* _What to work on_
Please transcribe the entries below exactly and leave out every picture.

* _Data extracts_
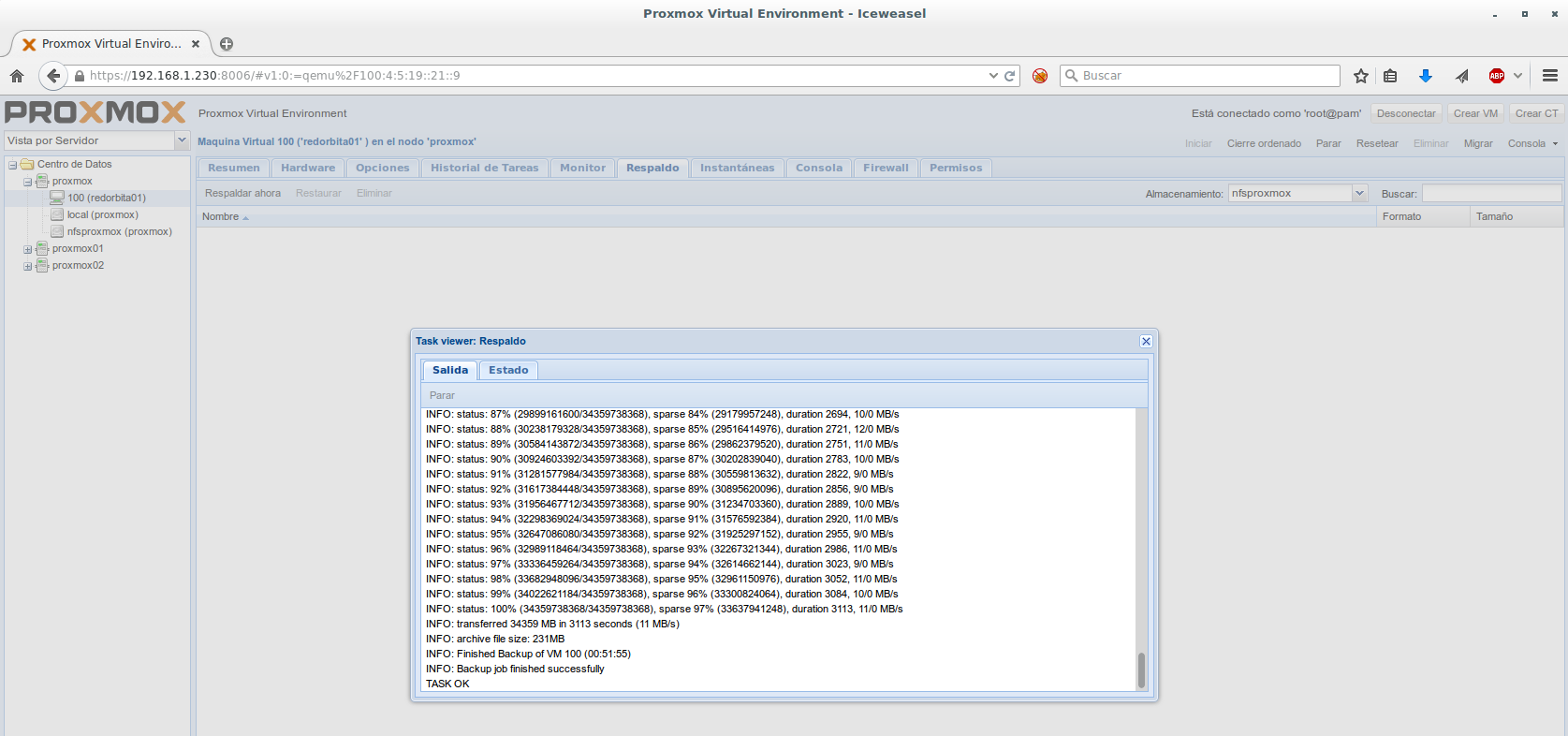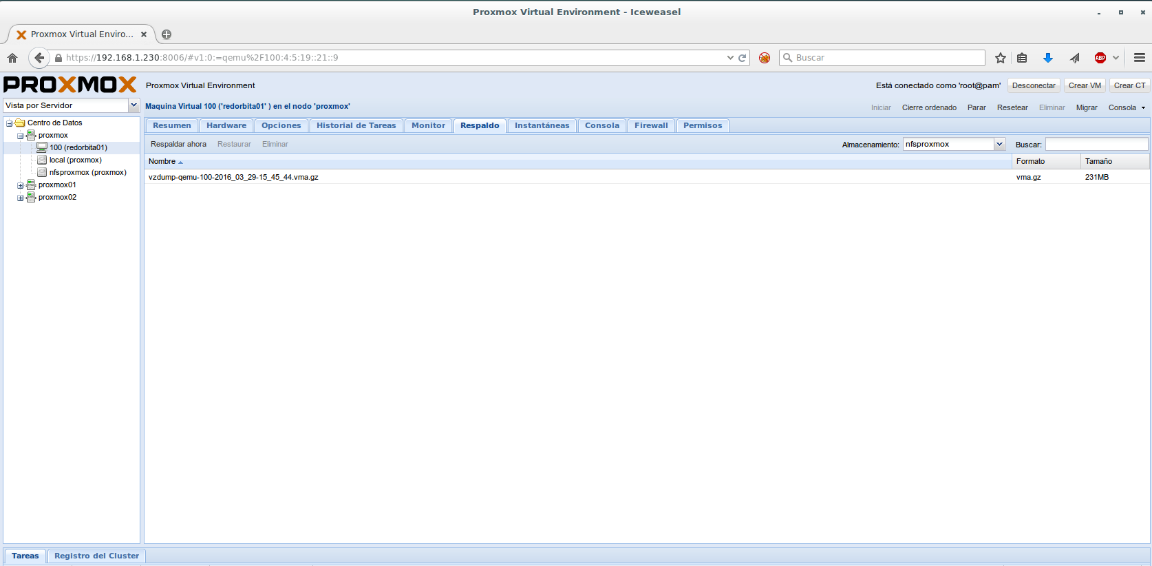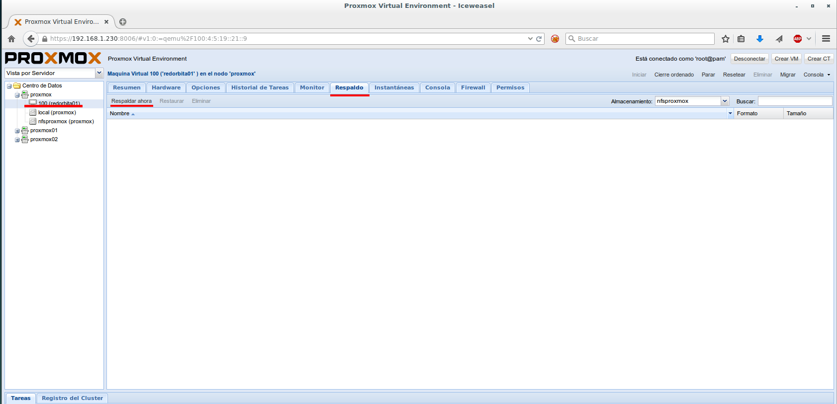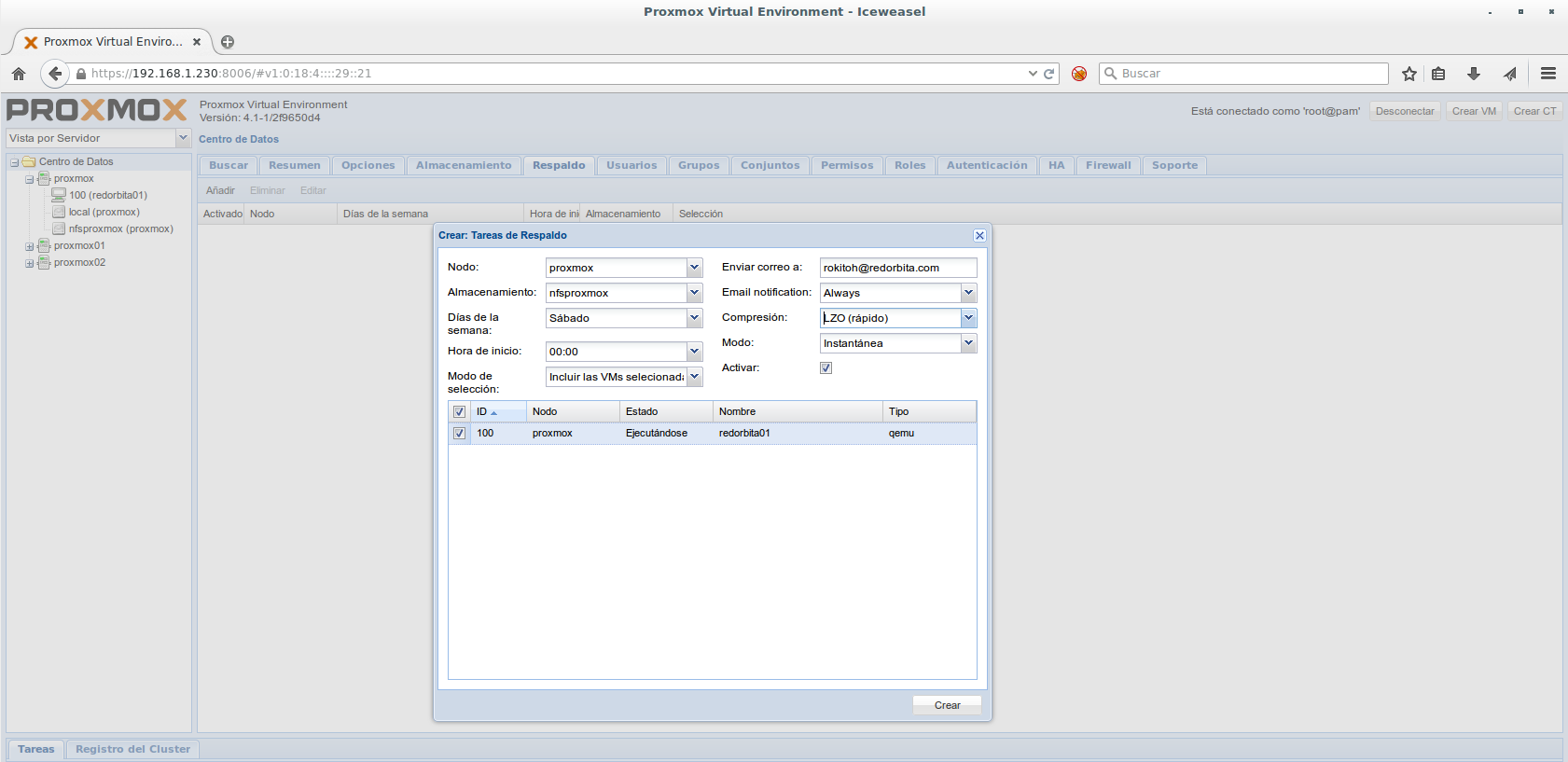 Nodo: Elegimos el nodo donde están las VM donde vamos a realizar el backup
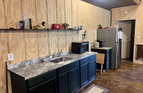 Spacious new barndominium sitting on 15 acres of scenic farmland, located 15 miles from downtown Guntersville. 5 miles from public boat ramp, ‘The Ponderosa’ is the perfect spot to watch the sunset and unwind after a successful day duck hunting or bass fishing on beautiful Lake Guntersville. ‘The Ponderosa’ has a rustic and cozy feel with two bedrooms, one bath, comfortably sleeping up to 7 people. The primary has a Queen and a twin, and connects to the bathroom with a standup shower, toilet, and sink. The secondary has two full beds. The open living room is the perfect place to unwind and watch the game on the big screen tv while relaxing on the reclining sofa or leather recliner. Long wood table can sit up to 10 people. Kitchen features a large sink, refrigerator, air fryer, and Keurig coffee maker. Enjoy a night out at The City Harbor, with lots of food, drink, and shopping options, featuring local musicians and beautiful lake views.
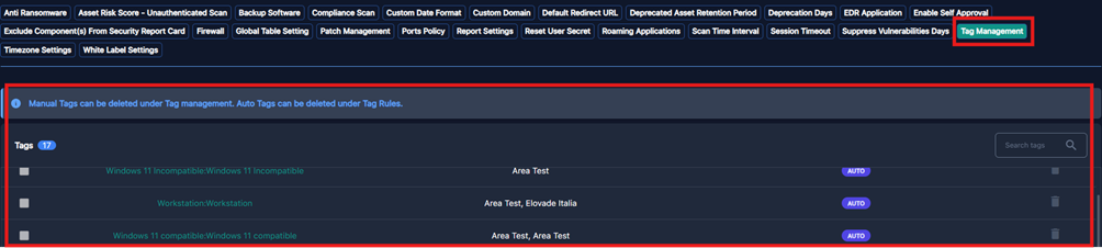 Percorso: Global > Settings> Global Settings > Tag management (solo dalla interfaccia Global).
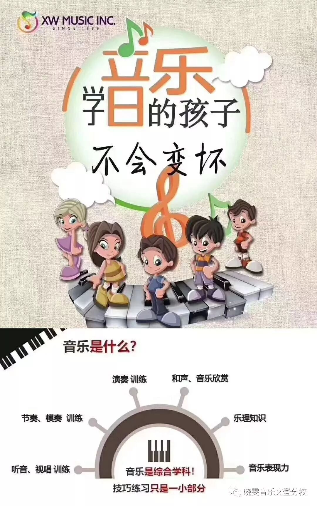 晓雯音乐学校成立于1989年9月,是一所以“普及音乐基础教育”为使命的专业、系统、规范的国际连锁音乐学校。“琴技是技巧,音乐素养是根本”“发展传统教育,紧跟国际潮流”是晓雯音乐学校坚定不渝的教学方针,在晓雯音乐学校学到的不只是弹琴技巧而已,更多的是音乐素养。技能只是短期的培训,而音乐素养会伴随着孩子一生。孩子们的文化知识和音乐素养一定是相辅相成的,晓雯音乐学校30年的办学经验和文化的沉淀给孩子们是最好的音乐教育。
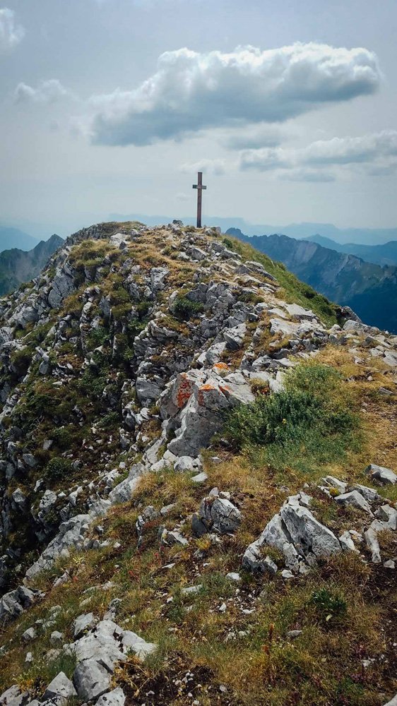 Il nous faut ensuite traverser la vallée. Je propose à Loris de prendre toute la crête jusqu’à l’Alpette pour redescendre sur le col de Tamié. Une arête indiquée, bien tracée, avec même de la main courante sur certaines parties, mais qui s’avère parfois sacrément exposée. On met bien deux heures pour faire 2,5 kilomètres et 300 mètres de dénivelé positif, tant la partie est technique.
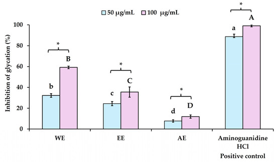 Figure 2). At the same concentration, EE and AE showed inhibition rates of 35.48 ± 4.90% and 11.94 ± 1.59%, respectively. A similar inhibition pattern was observed at a lower extract dosage (50 µg/mL), where WE, EE, and AE showed inhibition rates of 32.19 ± 1.80%, 24.48 ± 1.98%, and 7.72 ± 1.15%, respectively. Aminoguanidine HCl, used as a positive control at concentrations of 50 and 100 µg/mL, exhibited high inhibition of the glycation process, with rates of 88.75 ± 2.38% and 99.03 ± 0.94%, respectively, and an IC

* _Reply_
 Nodo: Elegimos el nodo donde están las VM donde vamos a realizar el backup
 Spacious new barndominium sitting on 15 acres of scenic farmland, located 15 miles from downtown Guntersville. 5 miles from public boat ramp, ‘The Ponderosa’ is the perfect spot to watch the sunset and unwind after a successful day duck hunting or bass fishing on beautiful Lake Guntersville. ‘The Ponderosa’ has a rustic and cozy feel with two bedrooms, one bath, comfortably sleeping up to 7 people. The primary has a Queen and a twin, and connects to the bathroom with a standup shower, toilet, and sink. The secondary has two full beds. The open living room is the perfect place to unwind and watch the game on the big screen tv while relaxing on the reclining sofa or leather recliner. Long wood table can sit up to 10 people. Kitchen features a large sink, refrigerator, air fryer, and Keurig coffee maker. Enjoy a night out at The City Harbor, with lots of food, drink, and shopping options, featuring local musicians and beautiful lake views.
 Percorso: Global > Settings> Global Settings > Tag management (solo dalla interfaccia Global).
 晓雯音乐学校成立于1989年9月,是一所以“普及音乐基础教育”为使命的专业、系统、规范的国际连锁音乐学校。“琴技是技巧,音乐素养是根本”“发展传统教育,紧跟国际潮流”是晓雯音乐学校坚定不渝的教学方针,在晓雯音乐学校学到的不只是弹琴技巧而已,更多的是音乐素养。技能只是短期的培训,而音乐素养会伴随着孩子一生。孩子们的文化知识和音乐素养一定是相辅相成的,晓雯音乐学校30年的办学经验和文化的沉淀给孩子们是最好的音乐教育。
 Il nous faut ensuite traverser la vallée. Je propose à Loris de prendre toute la crête jusqu’à l’Alpette pour redescendre sur le col de Tamié. Une arête indiquée, bien tracée, avec même de la main courante sur certaines parties, mais qui s’avère parfois sacrément exposée. On met bien deux heures pour faire 2,5 kilomètres et 300 mètres de dénivelé positif, tant la partie est technique.
 Figure 2). At the same concentration, EE and AE showed inhibition rates of 35.48 ± 4.90% and 11.94 ± 1.59%, respectively. A similar inhibition pattern was observed at a lower extract dosage (50 µg/mL), where WE, EE, and AE showed inhibition rates of 32.19 ± 1.80%, 24.48 ± 1.98%, and 7.72 ± 1.15%, respectively. Aminoguanidine HCl, used as a positive control at concentrations of 50 and 100 µg/mL, exhibited high inhibition of the glycation process, with rates of 88.75 ± 2.38% and 99.03 ± 0.94%, respectively, and an IC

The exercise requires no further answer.